## Task details
From the line containing "3月15日,在都江堰市教育学" through the last line of the entries below, print each line exactly. Pictures stay out.
[Opening Extracted data section]
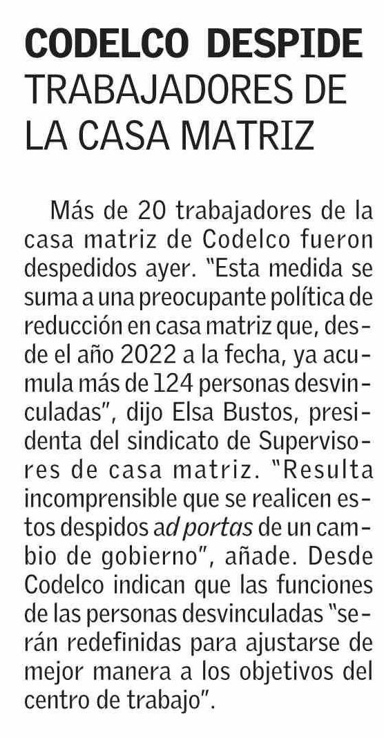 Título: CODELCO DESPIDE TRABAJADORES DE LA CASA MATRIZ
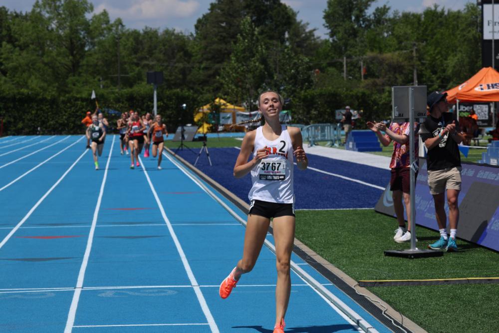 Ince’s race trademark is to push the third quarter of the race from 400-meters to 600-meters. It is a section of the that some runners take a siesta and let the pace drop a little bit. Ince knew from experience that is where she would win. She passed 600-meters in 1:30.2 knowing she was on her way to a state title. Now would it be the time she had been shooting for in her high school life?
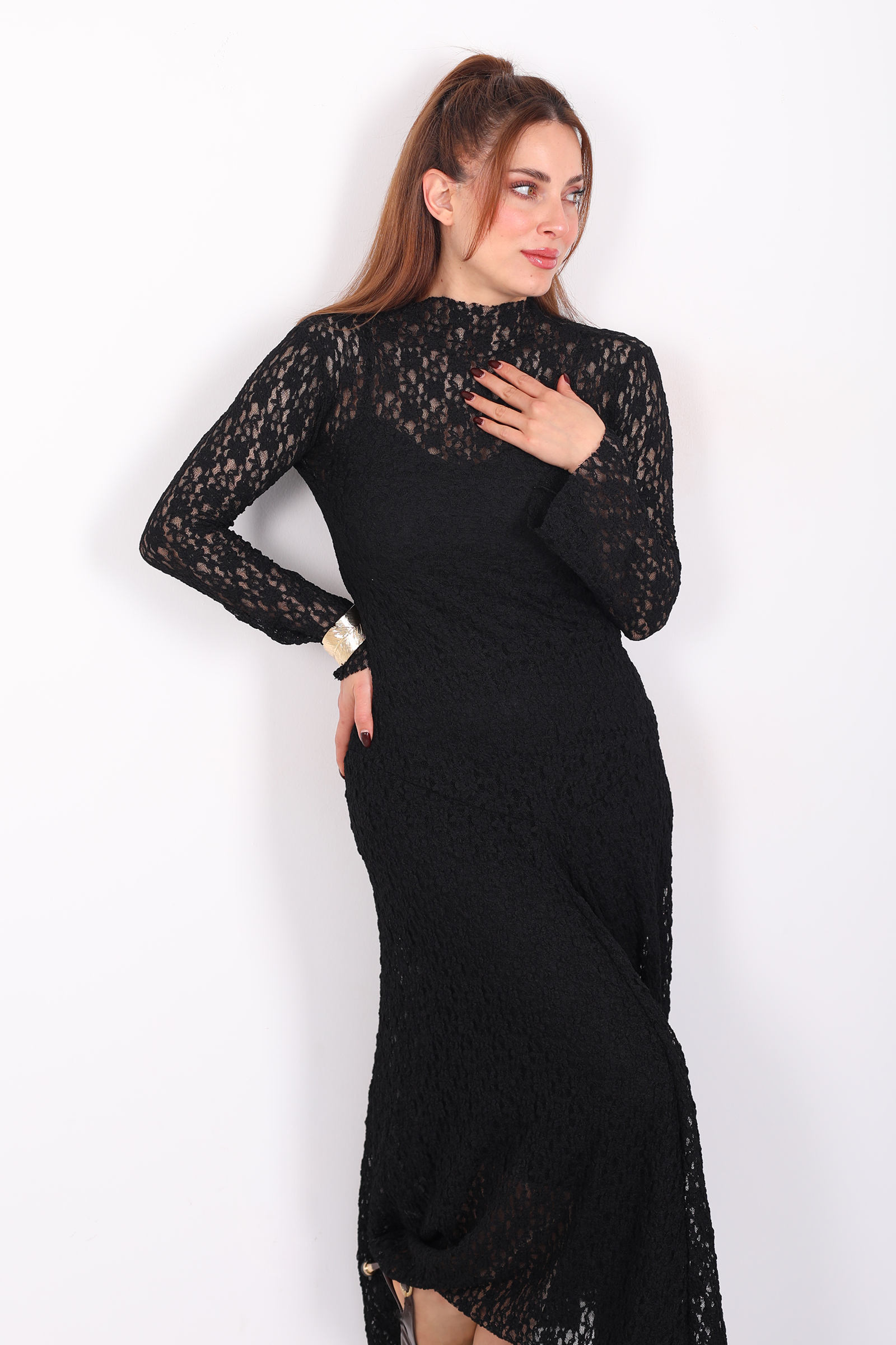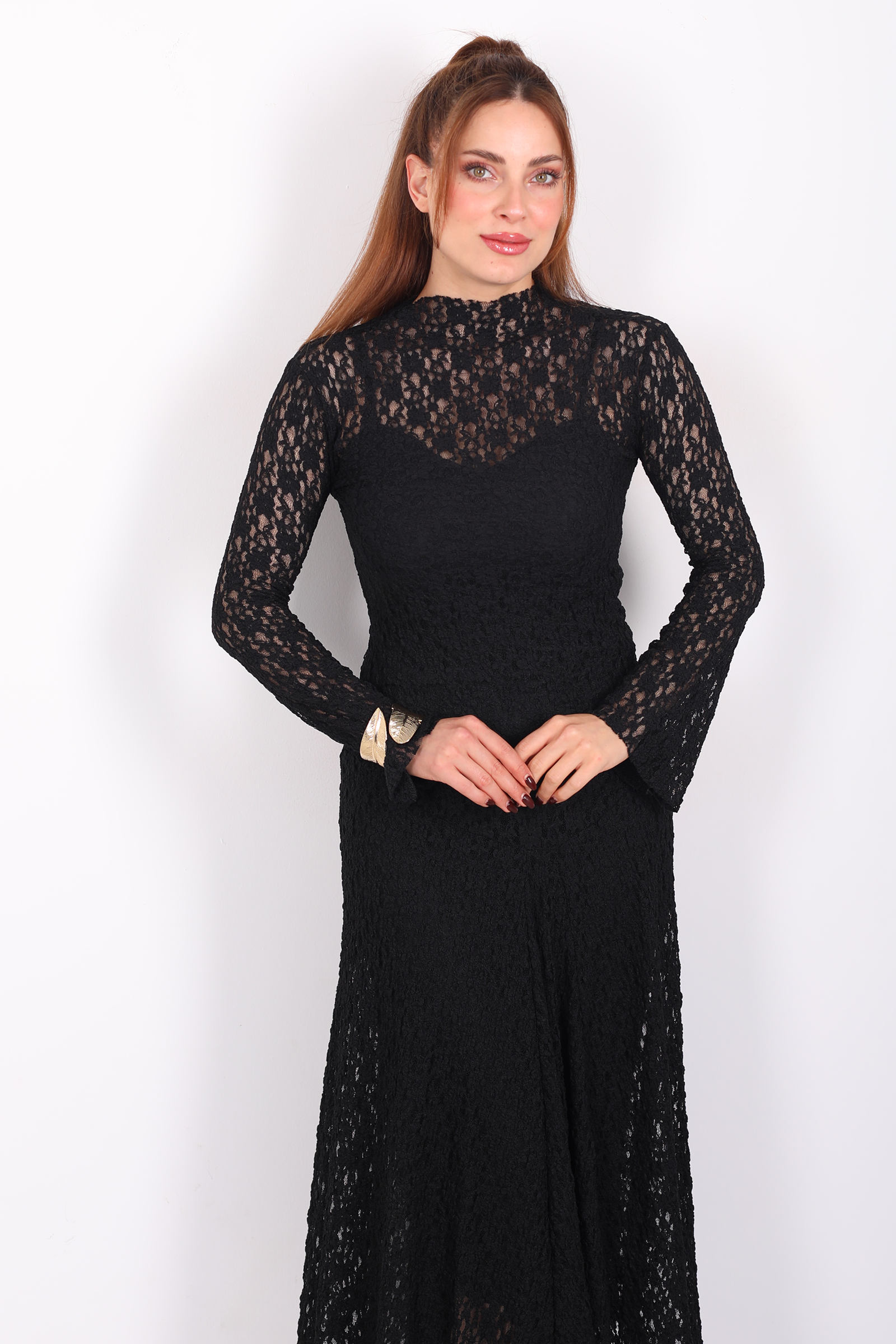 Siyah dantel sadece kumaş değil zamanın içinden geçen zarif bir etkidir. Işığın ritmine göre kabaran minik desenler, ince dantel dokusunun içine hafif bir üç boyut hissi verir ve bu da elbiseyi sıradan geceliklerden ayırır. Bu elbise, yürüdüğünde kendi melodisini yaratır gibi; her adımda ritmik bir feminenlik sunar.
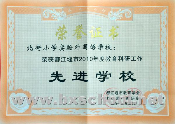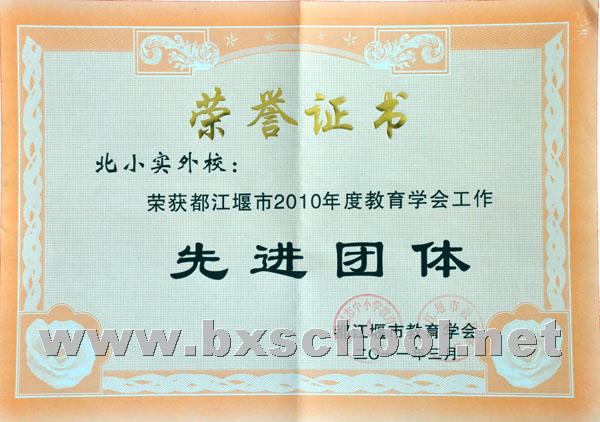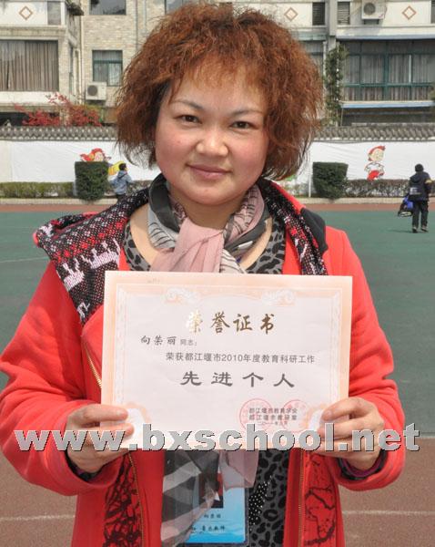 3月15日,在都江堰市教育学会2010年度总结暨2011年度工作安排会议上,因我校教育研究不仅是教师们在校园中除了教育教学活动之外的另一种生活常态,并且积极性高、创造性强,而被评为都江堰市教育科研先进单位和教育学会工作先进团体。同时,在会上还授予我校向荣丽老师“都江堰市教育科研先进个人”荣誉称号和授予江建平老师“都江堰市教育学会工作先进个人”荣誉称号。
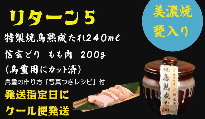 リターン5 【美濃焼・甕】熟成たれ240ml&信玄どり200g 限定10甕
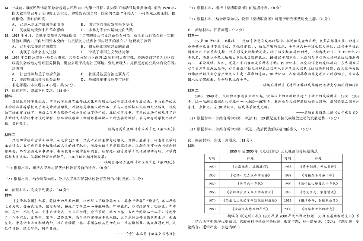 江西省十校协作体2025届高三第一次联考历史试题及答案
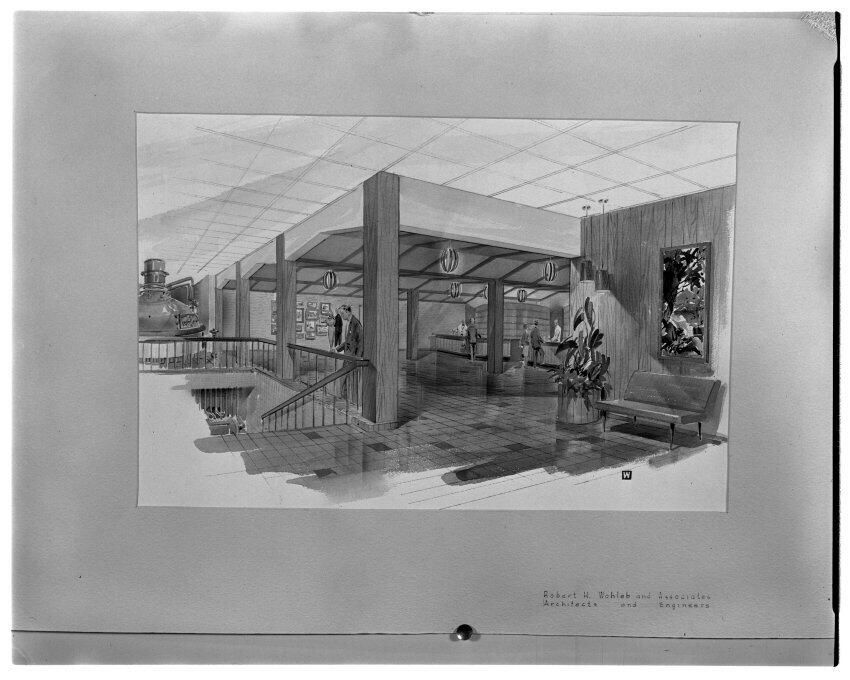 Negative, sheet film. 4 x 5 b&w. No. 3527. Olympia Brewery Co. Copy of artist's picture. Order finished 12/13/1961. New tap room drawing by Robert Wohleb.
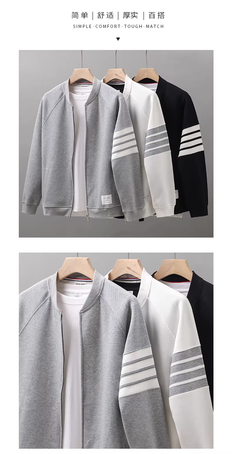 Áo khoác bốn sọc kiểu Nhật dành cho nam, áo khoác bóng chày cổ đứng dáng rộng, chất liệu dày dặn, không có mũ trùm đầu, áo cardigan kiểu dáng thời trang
[Closing Extracted data section]
## Your response
 3月15日,在都江堰市教育学会2010年度总结暨2011年度工作安排会议上,因我校教育研究不仅是教师们在校园中除了教育教学活动之外的另一种生活常态,并且积极性高、创造性强,而被评为都江堰市教育科研先进单位和教育学会工作先进团体。同时,在会上还授予我校向荣丽老师“都江堰市教育科研先进个人”荣誉称号和授予江建平老师“都江堰市教育学会工作先进个人”荣誉称号。
 リターン5 【美濃焼・甕】熟成たれ240ml&信玄どり200g 限定10甕
 江西省十校协作体2025届高三第一次联考历史试题及答案
 Negative, sheet film. 4 x 5 b&w. No. 3527. Olympia Brewery Co. Copy of artist's picture. Order finished 12/13/1961. New tap room drawing by Robert Wohleb.
 Áo khoác bốn sọc kiểu Nhật dành cho nam, áo khoác bóng chày cổ đứng dáng rộng, chất liệu dày dặn, không có mũ trùm đầu, áo cardigan kiểu dáng thời trang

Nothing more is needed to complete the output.